Let $\epsilon$ be a small positive real number ($0<\epsilon \ll 1$). The $\epsilon$*-skin* $E(d, \epsilon)$ of the unit cube $C(d, 1)$ is a layer of thickness $\epsilon/2$ just inside the surface of $C(d, 1)$:
$$
E(d, \epsilon) = C(d, 1) \setminus C(d, 1-\epsilon) \;.
$$
The figure on the right below shows the $\epsilon$ skin $E(2, \epsilon)$ in gray for some small $\epsilon$.

The *volume* of a compact set $\mathcal{A}\in\mathbb{R}^d$ is the integral of $1$ over $\mathcal{A}$.

It can be shown (see for instance C. M. Bishop, *Pattern Recognition and Machine Learning*, Springer, 2006) that the volume of $S(d)$ is
$$s(d) = \frac{2\pi^{d/2}}{d\ \Gamma(d/2)}$$
where $\Gamma(z)$ is the gamma function.

The Python function `scipy.special.gamma`

computes $\Gamma(z)$. In particular, for $d=1,2,3$

$$ \Gamma(1/2) = \sqrt{\pi}\;\;\;\text{,}\;\;\; \Gamma(1) = 1 \;\;\;\text{,}\;\;\; \Gamma(3/2) = \sqrt{\pi}/2 \;. $$

What is the volume $c(d, a)$ of $C(d, a)$ and, in particular, what is $c(d, 1)$? No need to prove your answers.
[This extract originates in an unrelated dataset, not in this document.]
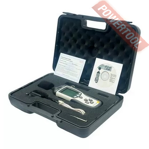 Шумомер цифровой, внесен в госреестр СИ РФ, 2 класс точности, диапазон измерения уровня шума 30-130 дБ, частотный диапазон 31,5-8000 Гц, погрешность измерения уровня шума 1,4 дБ, шаг измерения уровня шума 0,1 дБ, микрофон 1/2 дюйма, A/C-взвешивание, быстрое/медленное время взвешивания 0,125/1 сек, 4-разрядный ЖК-дисплей, регистрация max/min значений, фиксация результатов HOLD, внутренняя память на 32600 значений, подключение к ПК через USB, AC/DC разъемы, питание от 1 батарейки 9В тип Крона, время работы до 30 ч, автоотключение через 15 мин, габариты ДхШхВ 278х76х50 мм, вес 0,35 кг, элементы питания, штатив, диск с ПО, USB-кабель, отвертка, кейс.

Give a simple formula for the volume $e(d, \epsilon)$ of $E(d, \epsilon)$ in terms of $d$ and $\epsilon$.

Use the function `matplotlib.pyplot.loglog`

to plot $e(d, 10^{-3})$ for $d$ between $1$ and $10^{6}$, and with logarithmic scaling on both axes. Label the axes.
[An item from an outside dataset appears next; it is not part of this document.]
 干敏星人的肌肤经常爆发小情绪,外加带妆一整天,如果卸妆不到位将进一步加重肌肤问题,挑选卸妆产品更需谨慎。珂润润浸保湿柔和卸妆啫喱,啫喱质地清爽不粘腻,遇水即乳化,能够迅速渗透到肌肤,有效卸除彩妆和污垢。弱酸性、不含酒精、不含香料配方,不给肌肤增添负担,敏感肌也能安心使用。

You may want to refer to Homework 1 for how to display a plot.

To make

`matplotlib`

code work correctly with multiple figures in the same notebook, put the line`%matplotlib inline`

before you do your first plot.

Of course, there is no need to compute values for

*every*integer $d$ in the requested range. The function`numpy.logspace`

with default values for the optional arguments gives a reasonable sampling.

Write a simple sentence that describes where most of the points in the unit cube are when the number $d$ of dimensions is large and $\epsilon$ is small. What is the approximate numerical value of the fraction of points in the $\epsilon$-skin of the unit cube when $d=2$ and $\epsilon=10^{-3}$?

Write a formula for the ratio $r(d)$ between the volume of the unit sphere and that of the 2-cube. Simplify your formula if possible and show your calculations.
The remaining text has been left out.